What you return must be the full listing, word for word, with no images in it.

=== INFORMATION PROVIDED ===

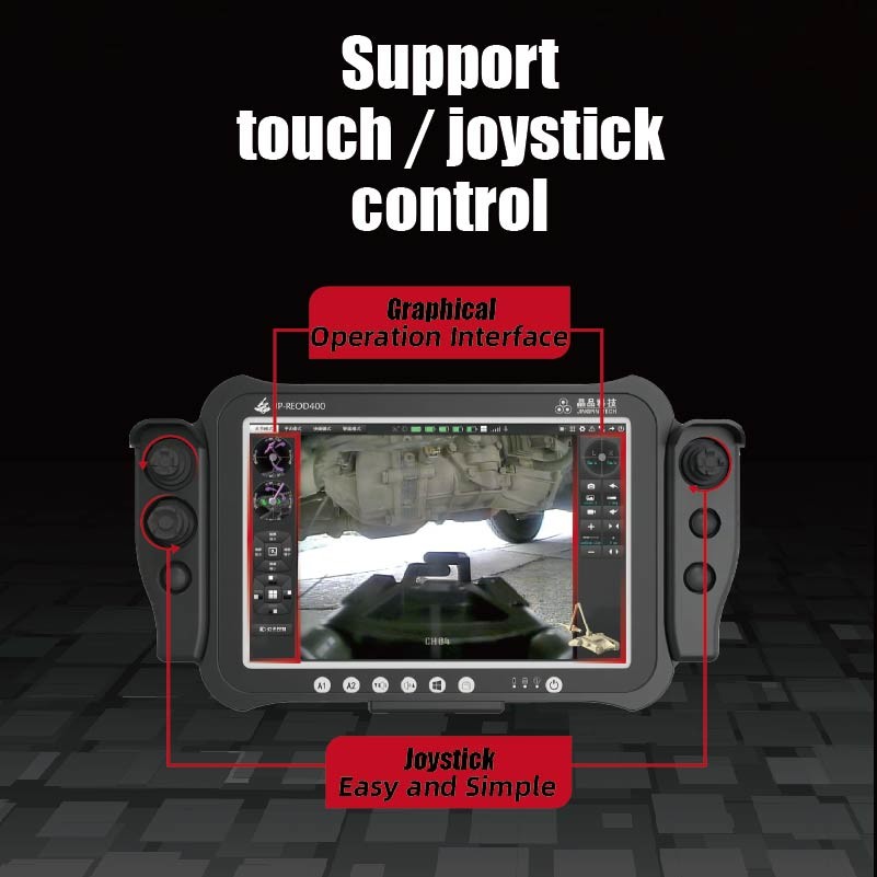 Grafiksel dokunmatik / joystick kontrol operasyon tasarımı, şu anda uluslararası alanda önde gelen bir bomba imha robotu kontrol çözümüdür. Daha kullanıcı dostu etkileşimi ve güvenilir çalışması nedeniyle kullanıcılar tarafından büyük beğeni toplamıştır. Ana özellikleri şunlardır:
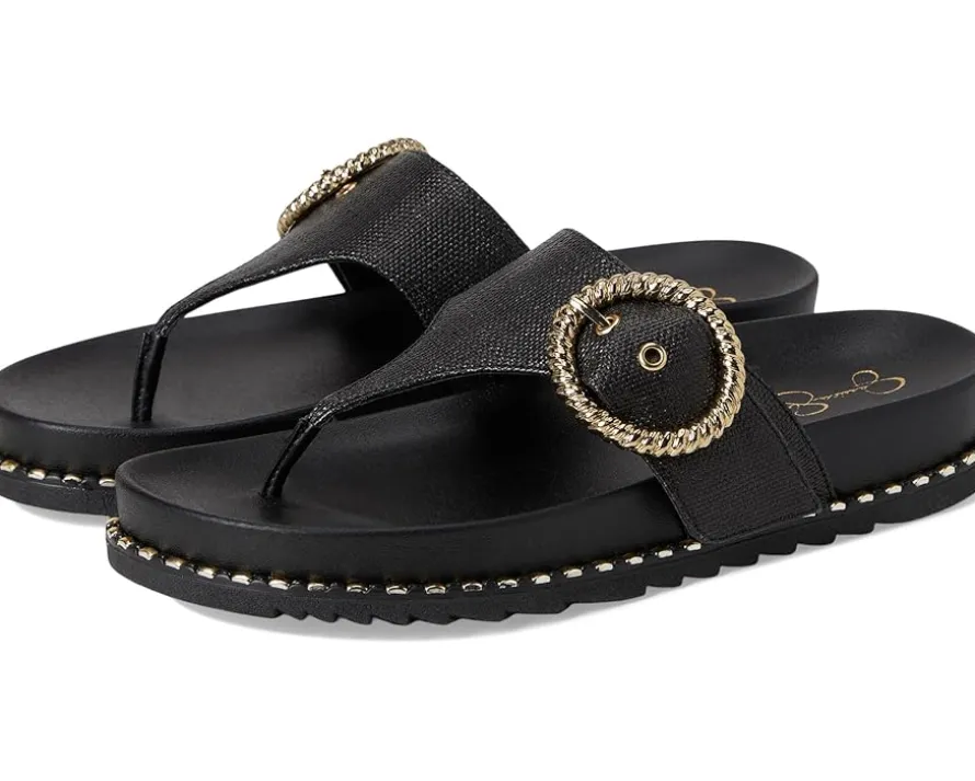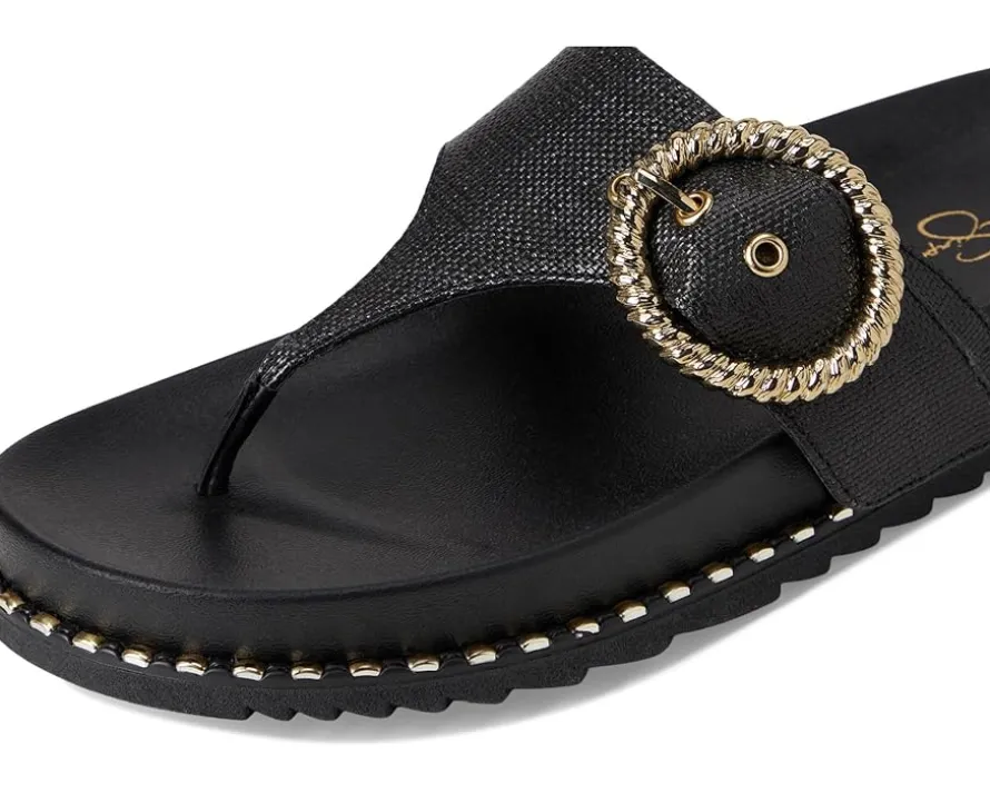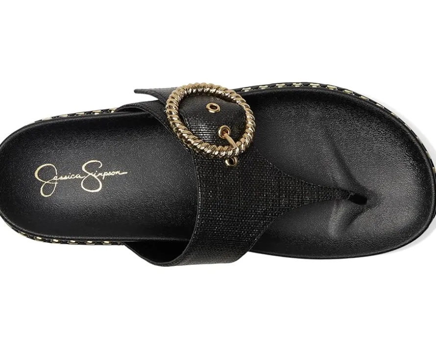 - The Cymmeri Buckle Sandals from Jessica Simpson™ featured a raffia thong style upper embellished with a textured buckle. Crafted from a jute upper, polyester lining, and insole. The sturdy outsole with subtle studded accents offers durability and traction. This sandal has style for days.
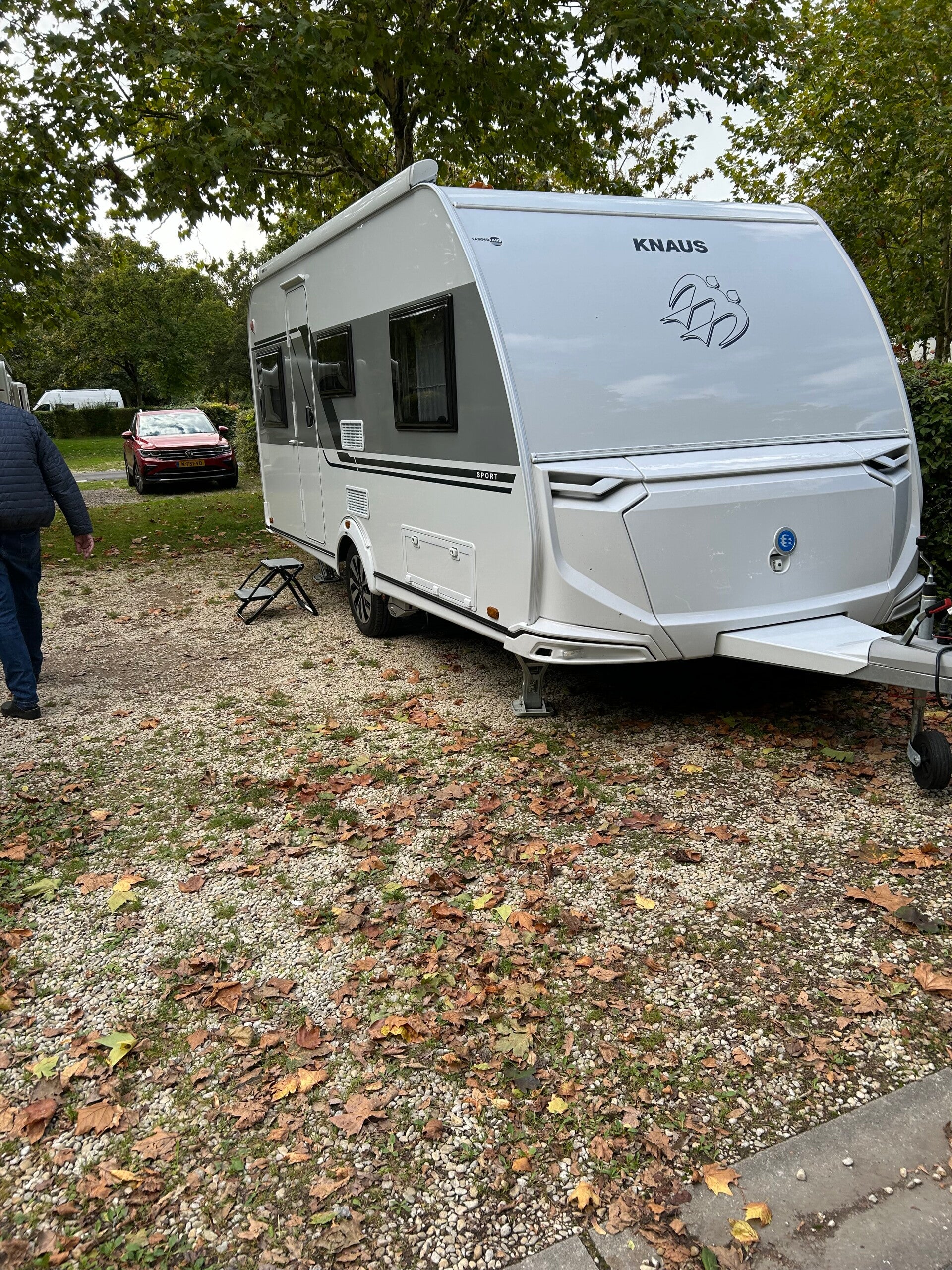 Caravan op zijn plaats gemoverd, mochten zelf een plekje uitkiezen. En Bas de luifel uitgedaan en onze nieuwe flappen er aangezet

===

- RESULT OF THIS TASK:
 Grafiksel dokunmatik / joystick kontrol operasyon tasarımı, şu anda uluslararası alanda önde gelen bir bomba imha robotu kontrol çözümüdür. Daha kullanıcı dostu etkileşimi ve güvenilir çalışması nedeniyle kullanıcılar tarafından büyük beğeni toplamıştır. Ana özellikleri şunlardır:
 - The Cymmeri Buckle Sandals from Jessica Simpson™ featured a raffia thong style upper embellished with a textured buckle. Crafted from a jute upper, polyester lining, and insole. The sturdy outsole with subtle studded accents offers durability and traction. This sandal has style for days.
 Caravan op zijn plaats gemoverd, mochten zelf een plekje uitkiezen. En Bas de luifel uitgedaan en onze nieuwe flappen er aangezet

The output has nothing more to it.